═════ GIVEN RECORDS ═════
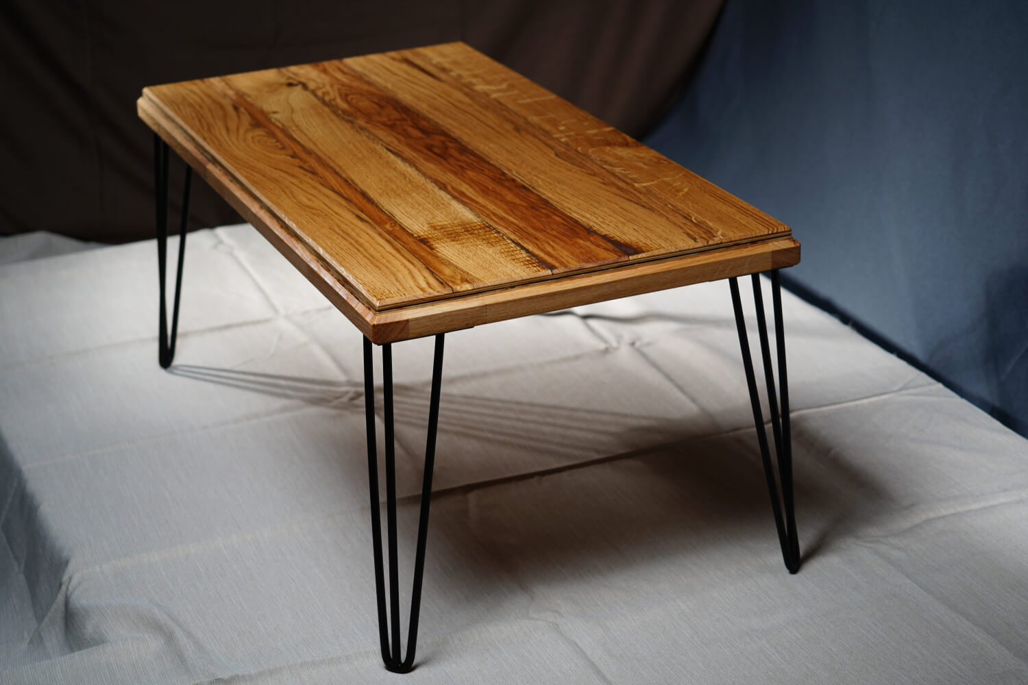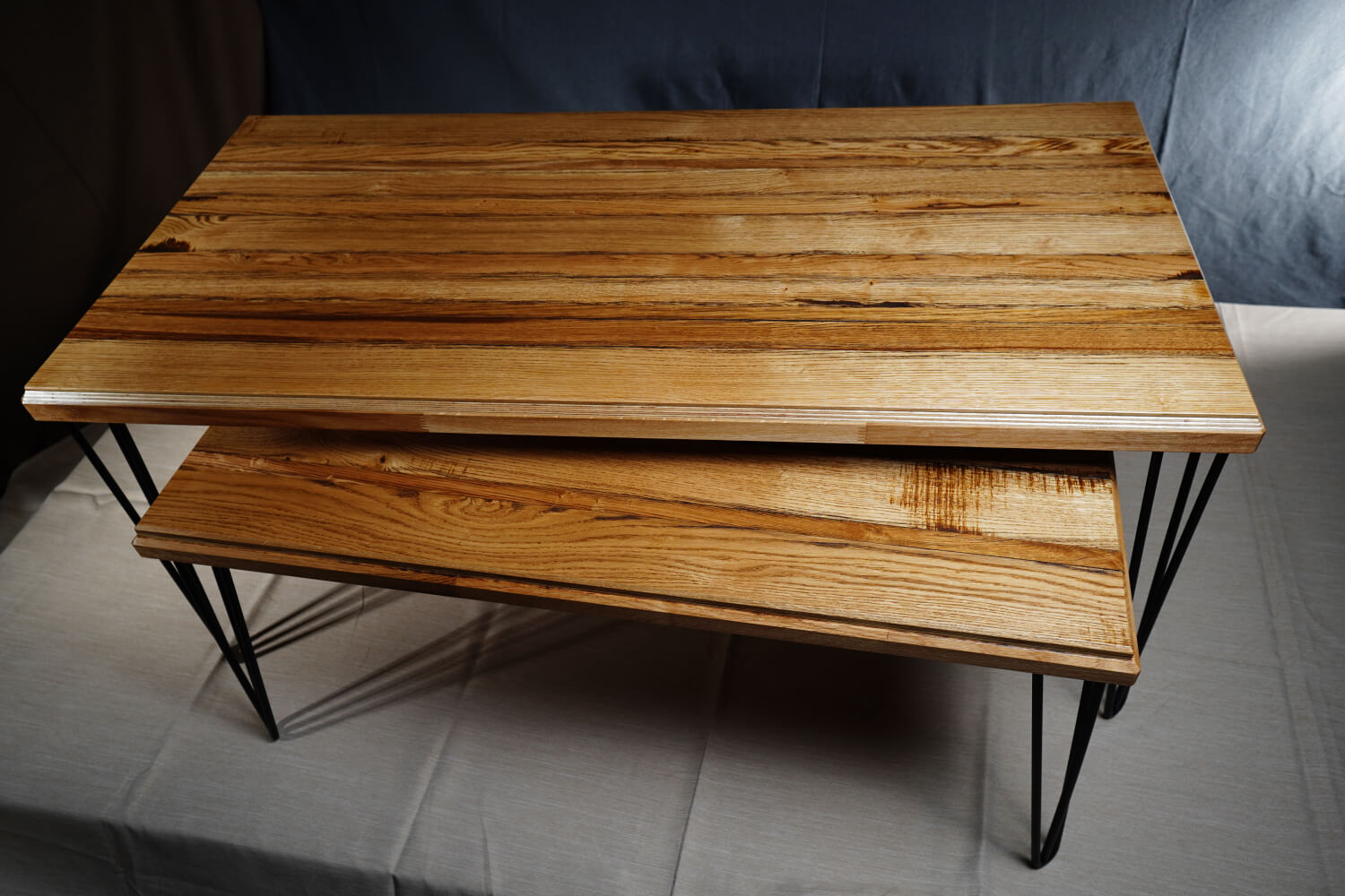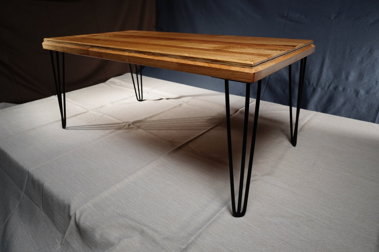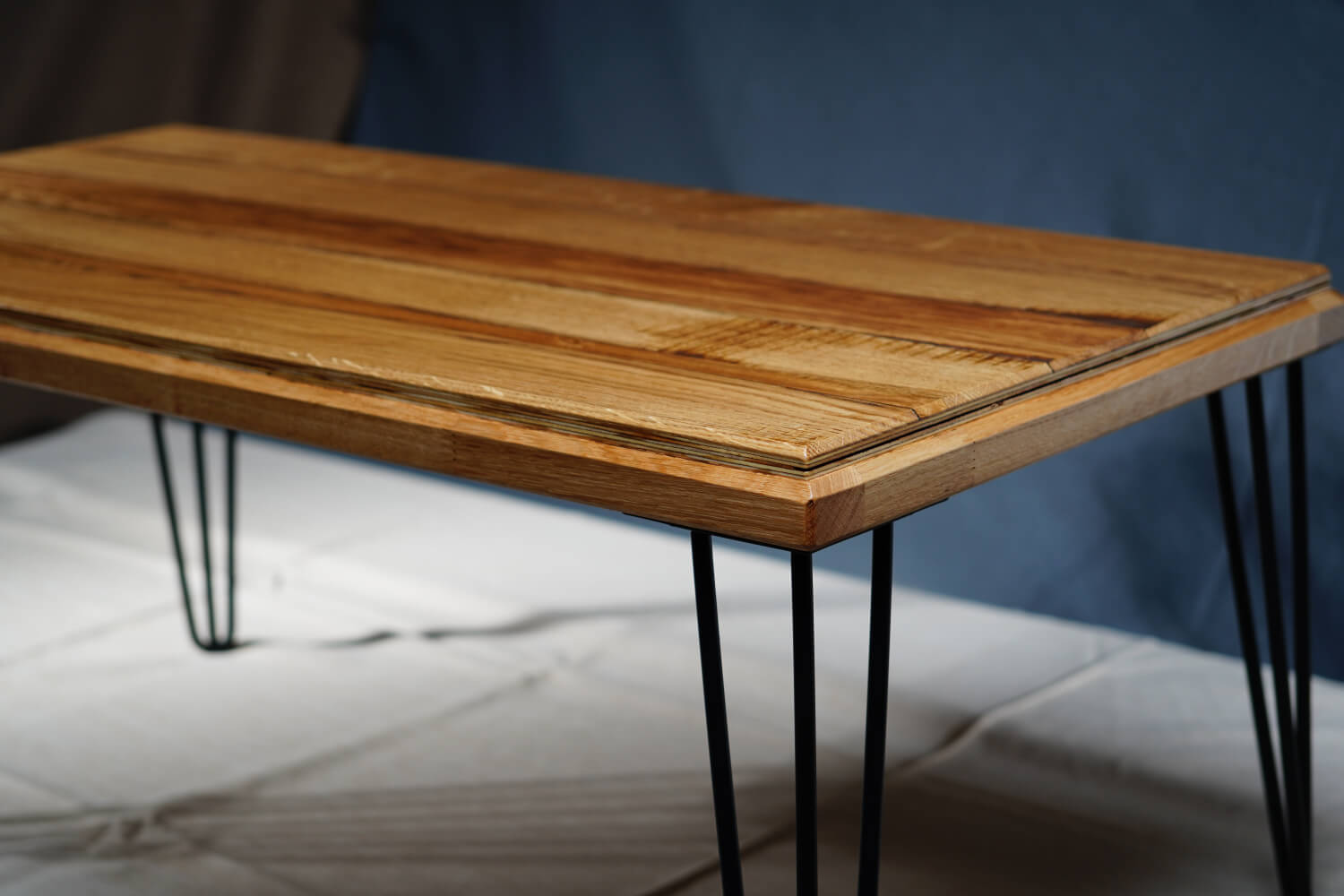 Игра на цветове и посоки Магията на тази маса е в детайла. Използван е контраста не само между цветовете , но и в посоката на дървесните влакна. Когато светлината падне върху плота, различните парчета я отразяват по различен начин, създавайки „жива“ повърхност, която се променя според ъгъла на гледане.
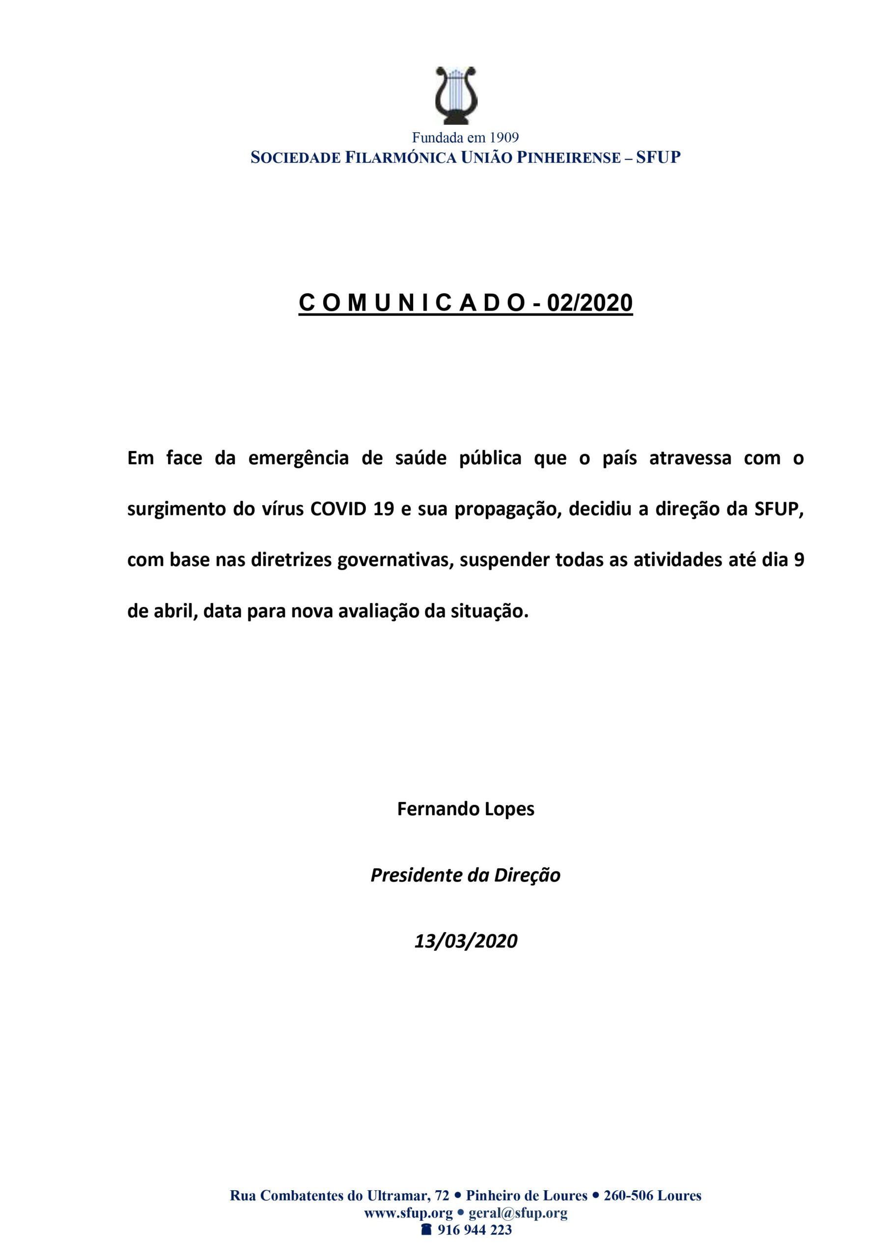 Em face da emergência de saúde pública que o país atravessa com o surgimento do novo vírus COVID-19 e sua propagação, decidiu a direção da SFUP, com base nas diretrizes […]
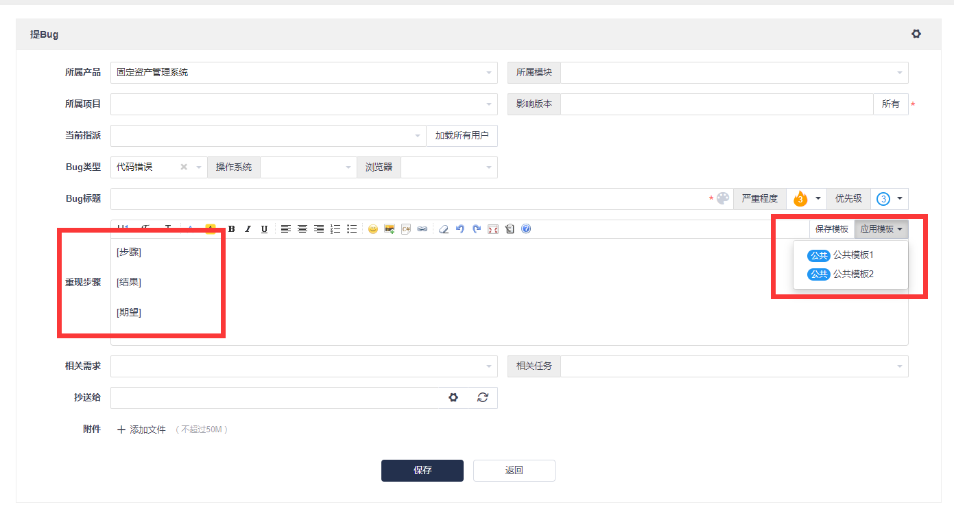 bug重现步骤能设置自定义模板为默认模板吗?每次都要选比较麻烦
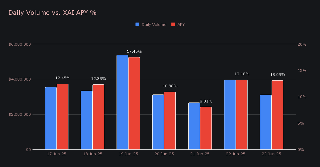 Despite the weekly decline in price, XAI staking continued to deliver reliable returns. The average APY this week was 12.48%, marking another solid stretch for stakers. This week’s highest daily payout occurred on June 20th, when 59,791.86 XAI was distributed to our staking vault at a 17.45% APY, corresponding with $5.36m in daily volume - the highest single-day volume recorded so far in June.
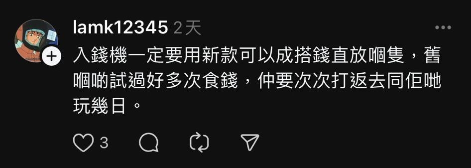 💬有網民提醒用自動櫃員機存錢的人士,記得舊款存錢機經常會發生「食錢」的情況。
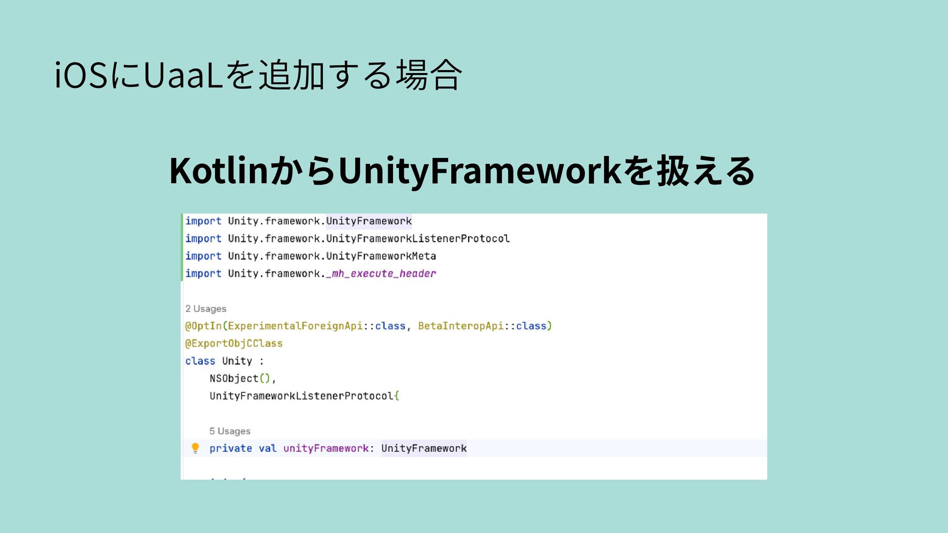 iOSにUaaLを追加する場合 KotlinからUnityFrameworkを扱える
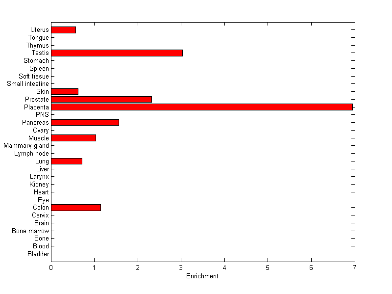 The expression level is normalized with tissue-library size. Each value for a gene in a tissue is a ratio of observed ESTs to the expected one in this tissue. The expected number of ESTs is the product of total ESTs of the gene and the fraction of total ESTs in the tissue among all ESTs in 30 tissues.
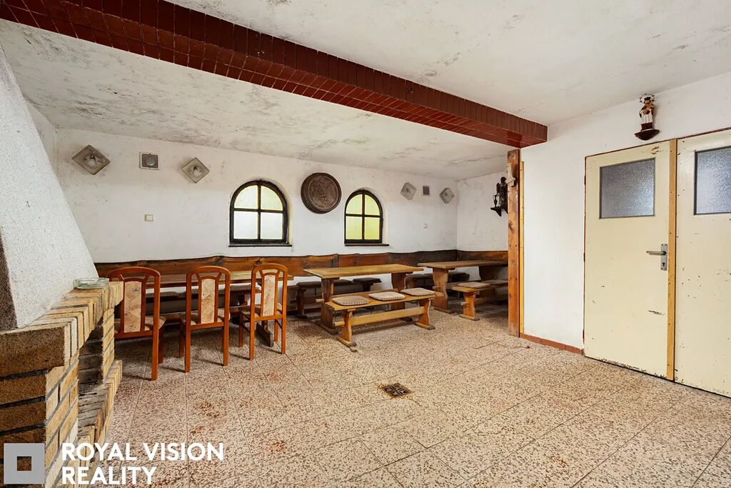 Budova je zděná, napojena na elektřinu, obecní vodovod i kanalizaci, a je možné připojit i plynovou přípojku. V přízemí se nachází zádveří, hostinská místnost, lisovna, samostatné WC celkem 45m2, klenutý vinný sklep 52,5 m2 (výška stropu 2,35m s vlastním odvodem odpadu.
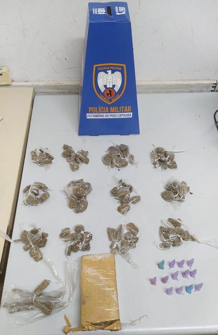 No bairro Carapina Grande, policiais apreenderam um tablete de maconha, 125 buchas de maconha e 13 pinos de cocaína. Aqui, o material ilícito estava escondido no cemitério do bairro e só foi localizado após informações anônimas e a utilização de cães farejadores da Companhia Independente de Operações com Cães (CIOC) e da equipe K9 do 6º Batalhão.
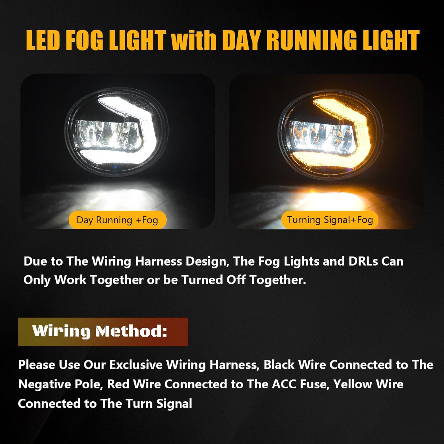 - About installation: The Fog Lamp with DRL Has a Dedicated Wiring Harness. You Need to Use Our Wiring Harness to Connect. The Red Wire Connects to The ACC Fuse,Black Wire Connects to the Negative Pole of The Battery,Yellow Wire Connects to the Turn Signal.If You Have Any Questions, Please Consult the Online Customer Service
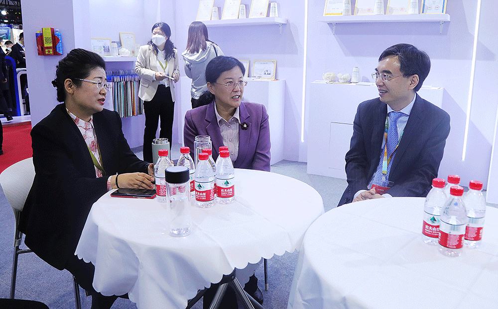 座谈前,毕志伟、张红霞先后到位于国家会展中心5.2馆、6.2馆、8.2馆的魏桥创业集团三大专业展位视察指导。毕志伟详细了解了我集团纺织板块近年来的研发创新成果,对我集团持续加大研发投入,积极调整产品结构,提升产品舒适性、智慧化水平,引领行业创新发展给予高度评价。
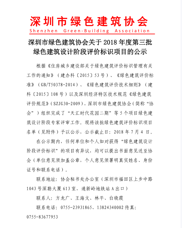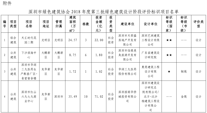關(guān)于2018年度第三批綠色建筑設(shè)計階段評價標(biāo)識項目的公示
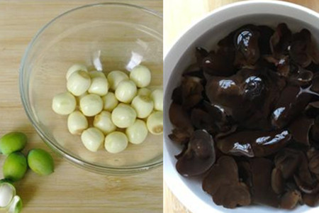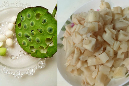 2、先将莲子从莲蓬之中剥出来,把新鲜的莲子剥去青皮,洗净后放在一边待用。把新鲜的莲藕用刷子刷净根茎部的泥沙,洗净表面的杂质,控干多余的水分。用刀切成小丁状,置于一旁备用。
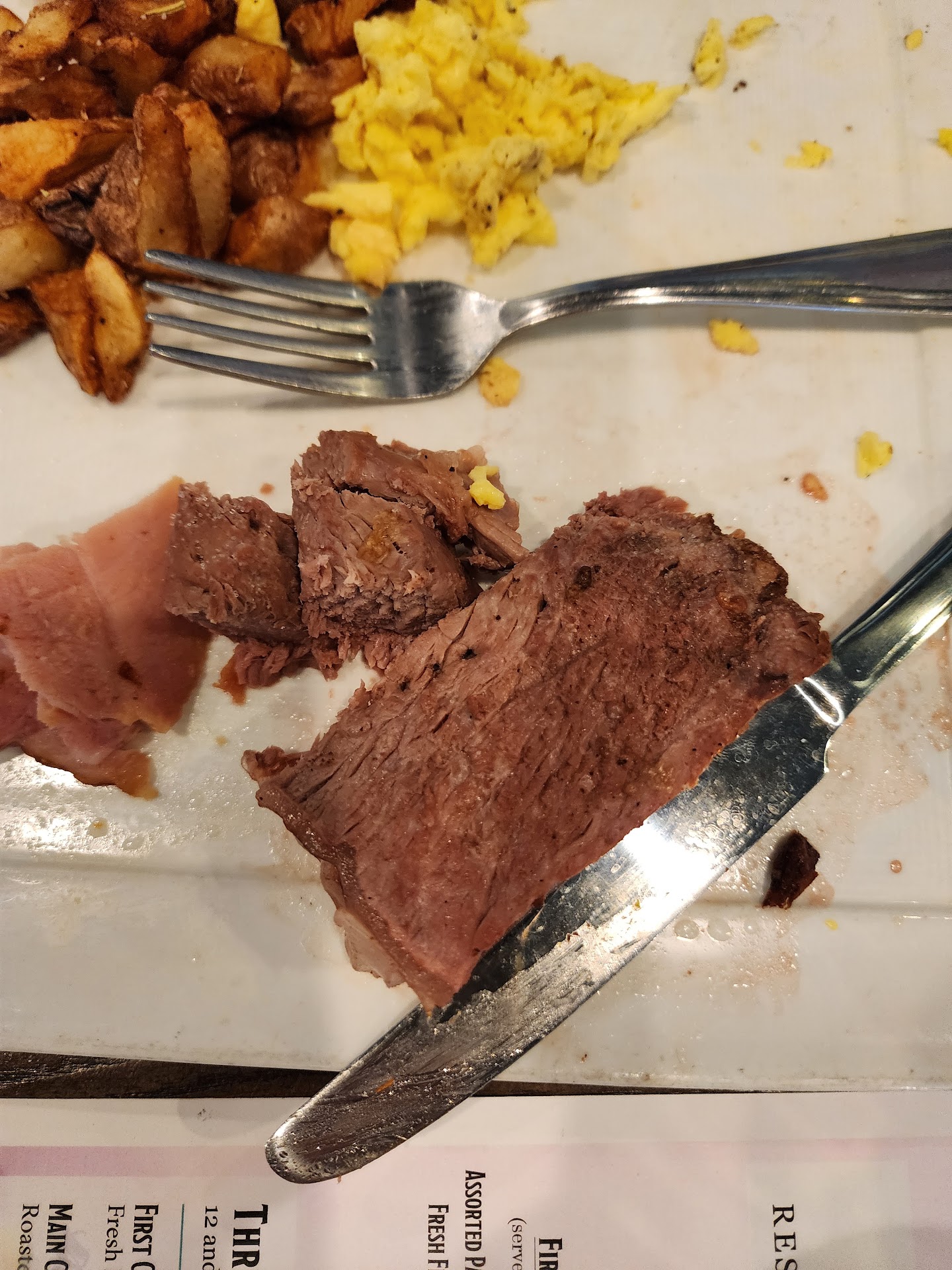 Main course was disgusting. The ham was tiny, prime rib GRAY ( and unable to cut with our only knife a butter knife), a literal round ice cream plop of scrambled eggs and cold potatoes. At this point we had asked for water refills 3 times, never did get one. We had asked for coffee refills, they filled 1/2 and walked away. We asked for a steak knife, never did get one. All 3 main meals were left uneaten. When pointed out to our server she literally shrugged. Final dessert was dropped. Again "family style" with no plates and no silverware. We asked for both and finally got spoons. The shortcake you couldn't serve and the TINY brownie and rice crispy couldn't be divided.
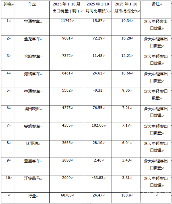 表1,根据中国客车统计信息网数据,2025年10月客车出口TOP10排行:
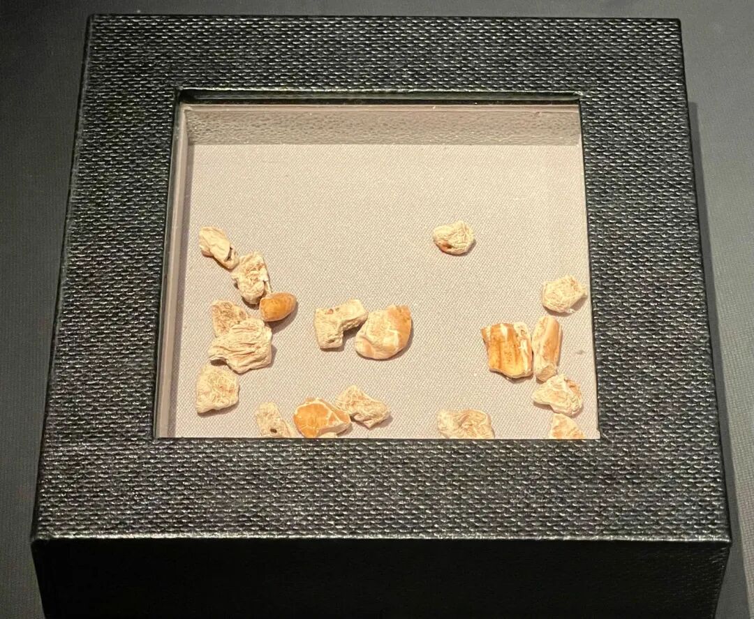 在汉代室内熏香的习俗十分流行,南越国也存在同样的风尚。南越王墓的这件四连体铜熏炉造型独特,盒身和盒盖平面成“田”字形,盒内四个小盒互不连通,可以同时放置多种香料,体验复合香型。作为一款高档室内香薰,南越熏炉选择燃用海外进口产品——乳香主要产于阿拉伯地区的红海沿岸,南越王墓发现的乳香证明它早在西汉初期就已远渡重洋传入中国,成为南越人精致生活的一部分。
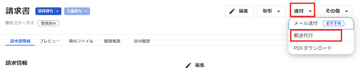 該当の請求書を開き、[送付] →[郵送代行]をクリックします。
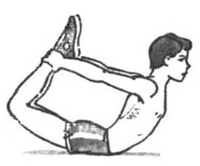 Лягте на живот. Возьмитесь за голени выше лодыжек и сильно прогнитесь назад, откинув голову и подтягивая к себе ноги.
═════
### TASK DESCRIPTION
Transcribe exactly the lines above, beginning at the one with "iOSにUaaLを追加する場" and going up to and including the one with "The expression level". Pictures do not belong in the copy.

### TASK SOLUTION
 iOSにUaaLを追加する場合 KotlinからUnityFrameworkを扱える
 The expression level is normalized with tissue-library size. Each value for a gene in a tissue is a ratio of observed ESTs to the expected one in this tissue. The expected number of ESTs is the product of total ESTs of the gene and the fraction of total ESTs in the tissue among all ESTs in 30 tissues.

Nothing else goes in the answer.